(Task inputs)

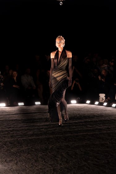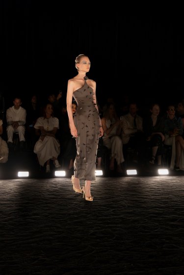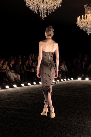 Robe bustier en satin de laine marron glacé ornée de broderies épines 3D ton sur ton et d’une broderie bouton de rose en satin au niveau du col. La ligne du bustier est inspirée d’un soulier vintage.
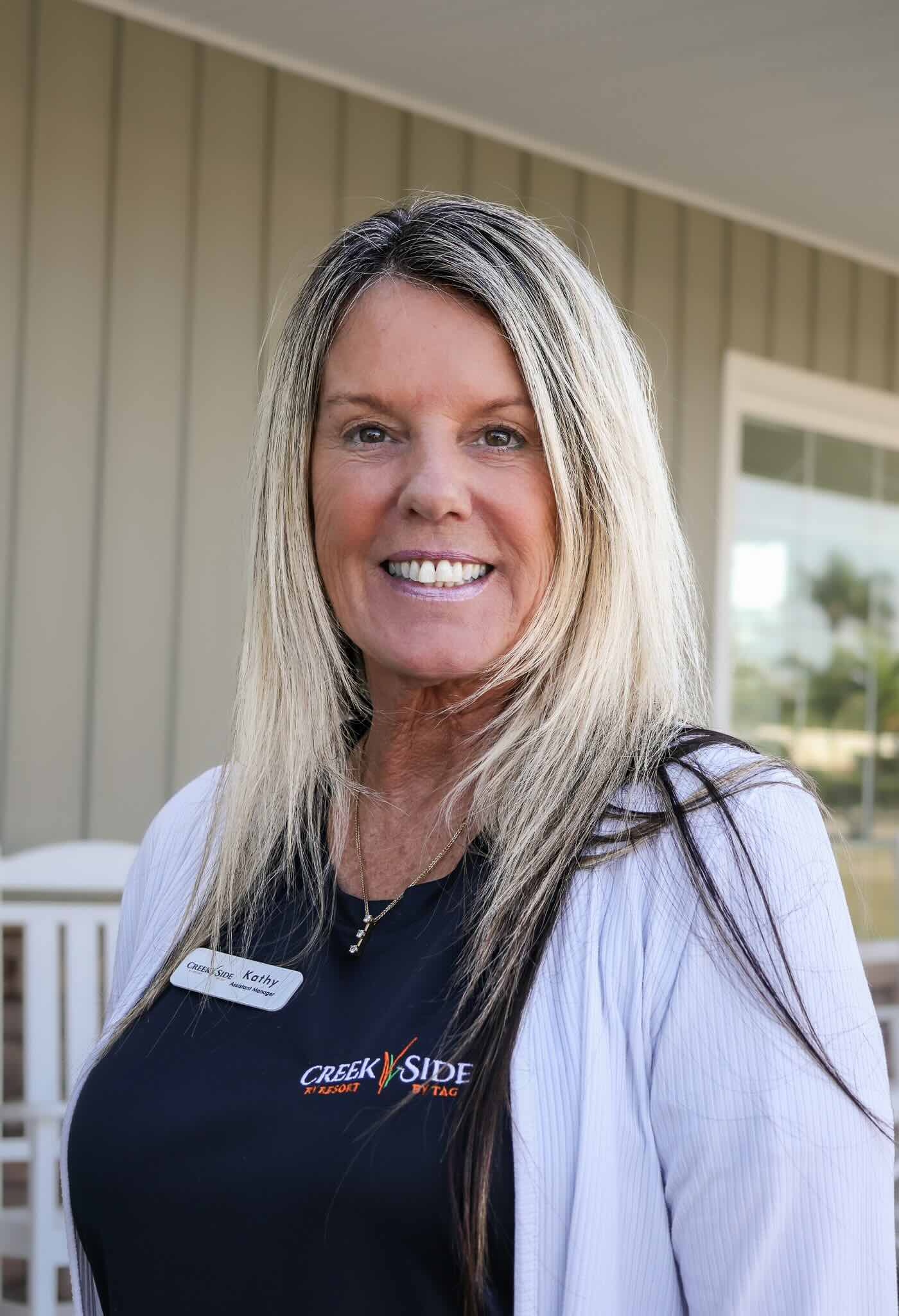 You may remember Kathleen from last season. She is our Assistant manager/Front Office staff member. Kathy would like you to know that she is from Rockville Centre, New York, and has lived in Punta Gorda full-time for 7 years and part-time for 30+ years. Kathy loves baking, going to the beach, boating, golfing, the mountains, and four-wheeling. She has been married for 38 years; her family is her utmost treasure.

(End Task inputs)
(Task inputs)

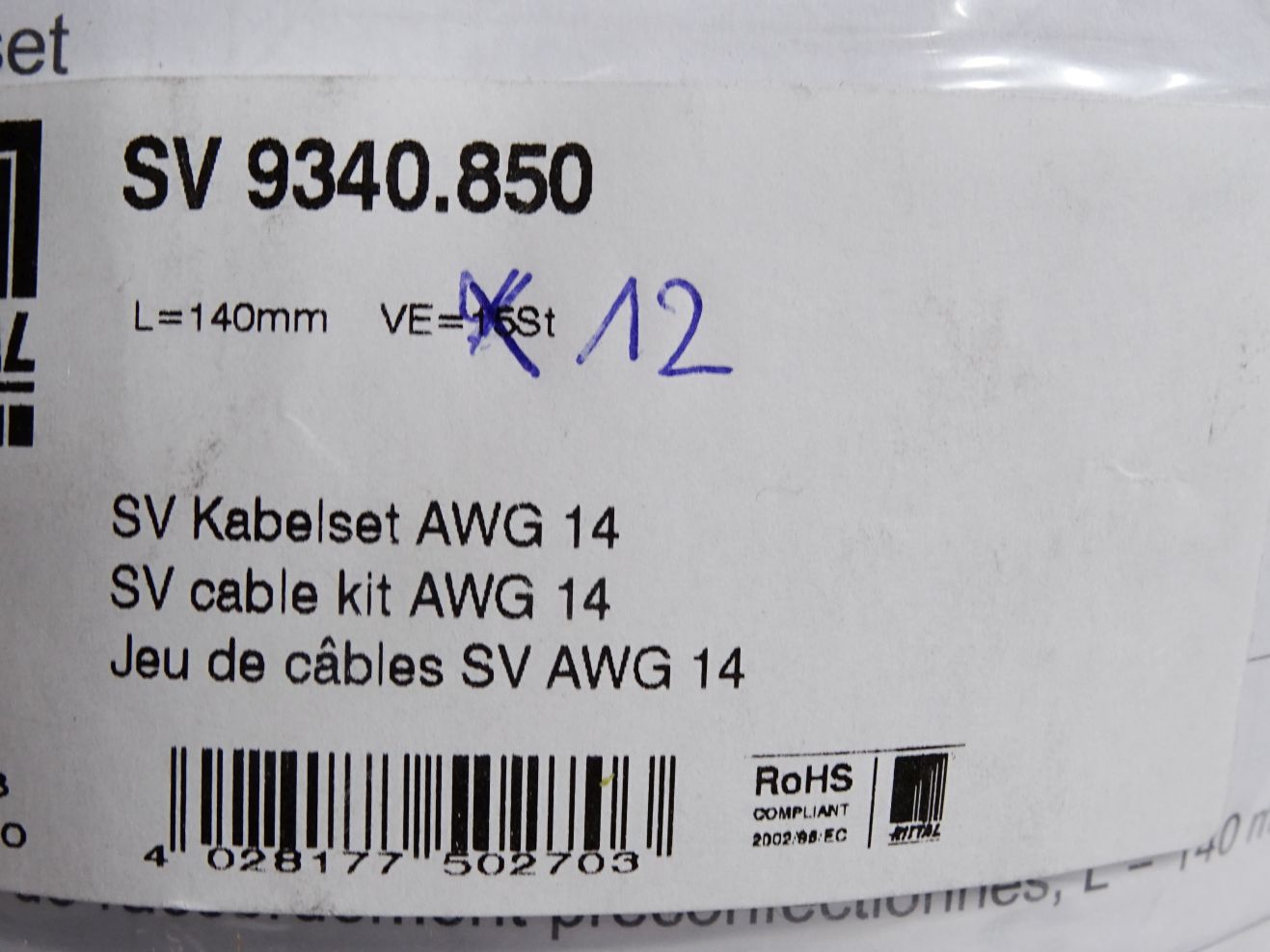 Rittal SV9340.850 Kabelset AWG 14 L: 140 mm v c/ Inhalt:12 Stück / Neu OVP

(End Task inputs)

Task item =
Your answer should be the lines above, word for word, from the line with "Robe bustier en" through the line with "You may remember", minus the pictures.

Reply to the task =
 Robe bustier en satin de laine marron glacé ornée de broderies épines 3D ton sur ton et d’une broderie bouton de rose en satin au niveau du col. La ligne du bustier est inspirée d’un soulier vintage.
 You may remember Kathleen from last season. She is our Assistant manager/Front Office staff member. Kathy would like you to know that she is from Rockville Centre, New York, and has lived in Punta Gorda full-time for 7 years and part-time for 30+ years. Kathy loves baking, going to the beach, boating, golfing, the mountains, and four-wheeling. She has been married for 38 years; her family is her utmost treasure.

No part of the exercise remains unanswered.